EXERCISE GOAL:
Would you print the records below from the first line through the line containing "Spring Square Collar", skipping the pictures?

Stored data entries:
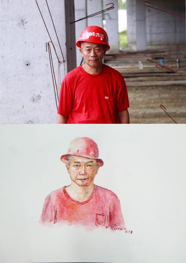 2016年6月21日,在工地负责人的带领下,团队来到了91pron 成都校区的一处工地。做好安全措施后,团队成员们走进了工地内,向工人们说明了来意。征得工人们同意后,团队成员与他们进行了简单的交谈和采访并为他们拍摄了照片作为后期绘画的素材。
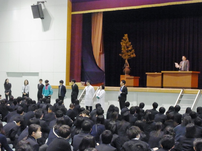 校長の式辞の後、生活指導部長、進路部長から講話があり
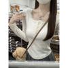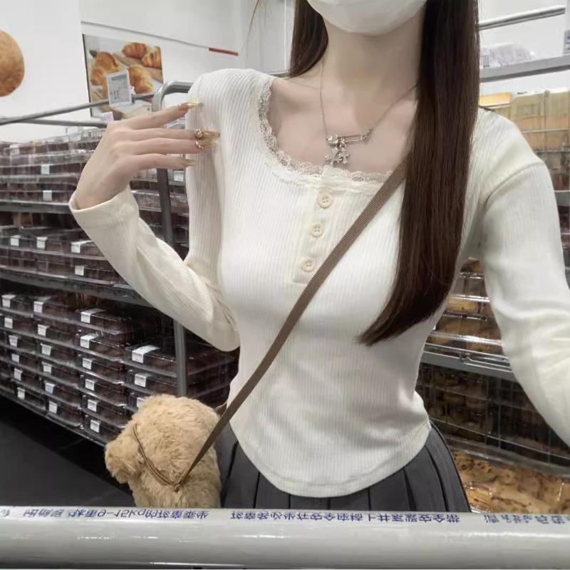 Spring Square Collar Pure Lace Splicing Long-sleeved Bottoming Shirt Women's Slim Front Shoulder Inner Shirt Top
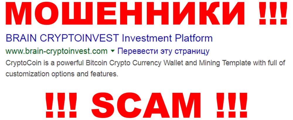 Брайн Криптоинвест - очередные мошенники сети интернет, которые занимаются разводом пользователей сети интернет под предлогом инвестиций в криптовалюту, в ходе которых шулера Brain Cryptoinvest нагло кидают свою клиентуру. В связи с этим иметь дело и сотрудничать с аферистами Брайн Криптоинвест определенно не рекомендуем !!!
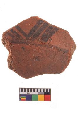 | Description / विवरण | Specimen of potsherd with black decorative geometric Linear painting, Type Black on Red Ware . |
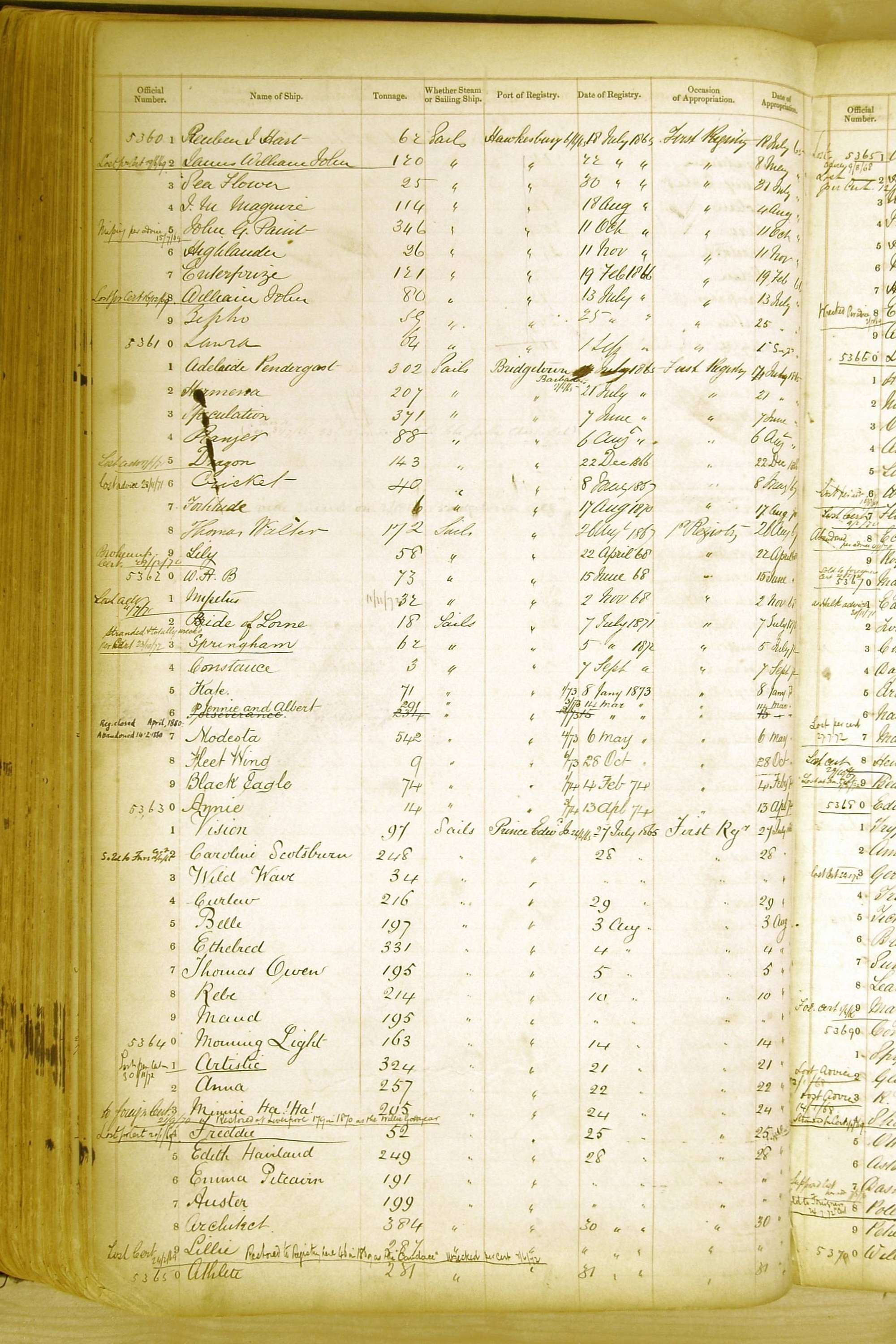 The images were made by CLIP from the original volumes held at the Registry of Shipping and Seamen in Cardiff and we would like to thank the staff for their helpfulness in providing us with access to the volumes.
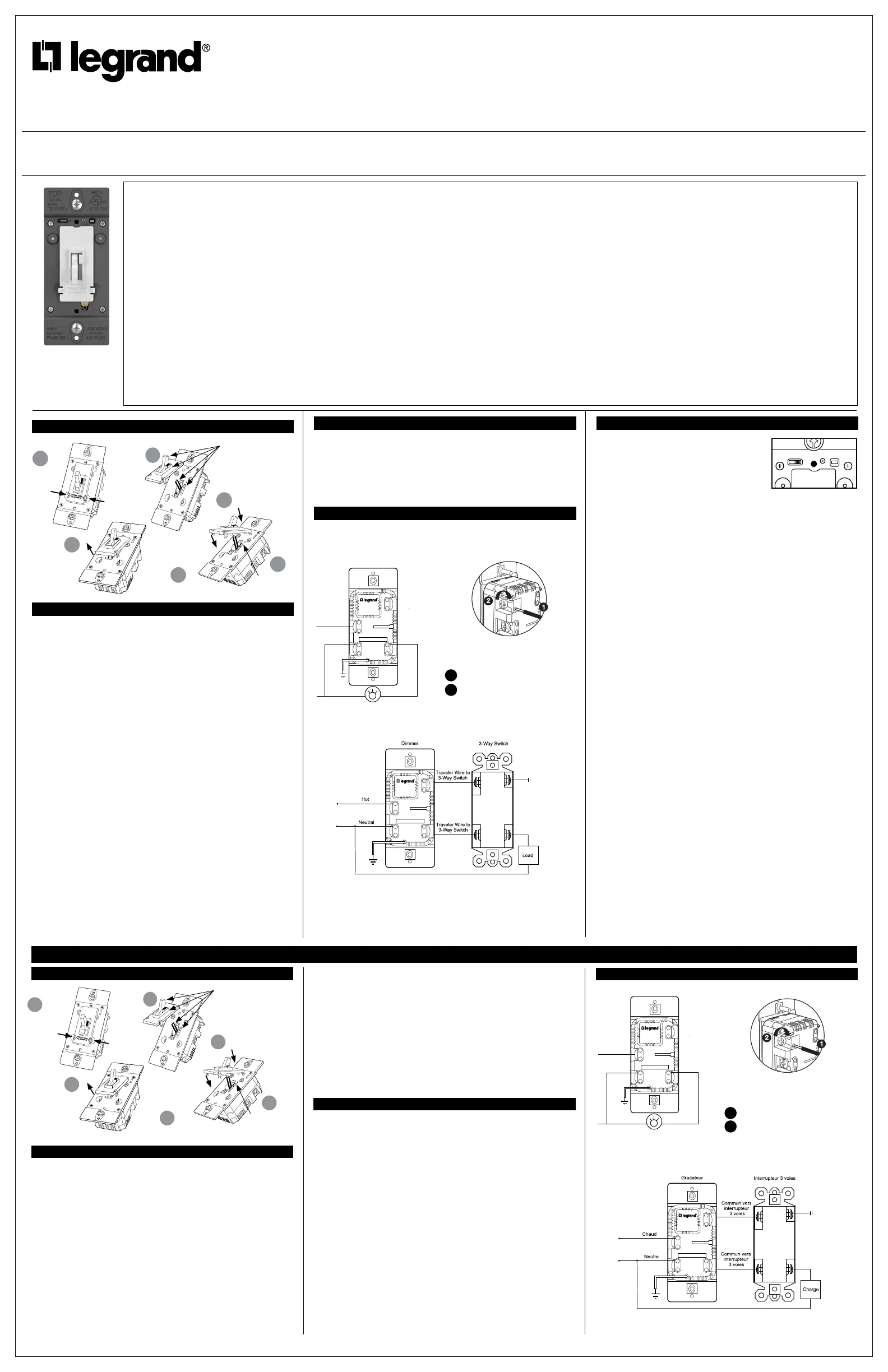 Toggle Universal Dimmer Incandescent, ELV, Halogen: 700W; CFL/LED: 450W (4.5A); MLV: 500VA; EFL: 5.5A

EXERCISE SOLUTION:
 2016年6月21日,在工地负责人的带领下,团队来到了91pron 成都校区的一处工地。做好安全措施后,团队成员们走进了工地内,向工人们说明了来意。征得工人们同意后,团队成员与他们进行了简单的交谈和采访并为他们拍摄了照片作为后期绘画的素材。
 校長の式辞の後、生活指導部長、進路部長から講話があり
 Spring Square Collar Pure Lace Splicing Long-sleeved Bottoming Shirt Women's Slim Front Shoulder Inner Shirt Top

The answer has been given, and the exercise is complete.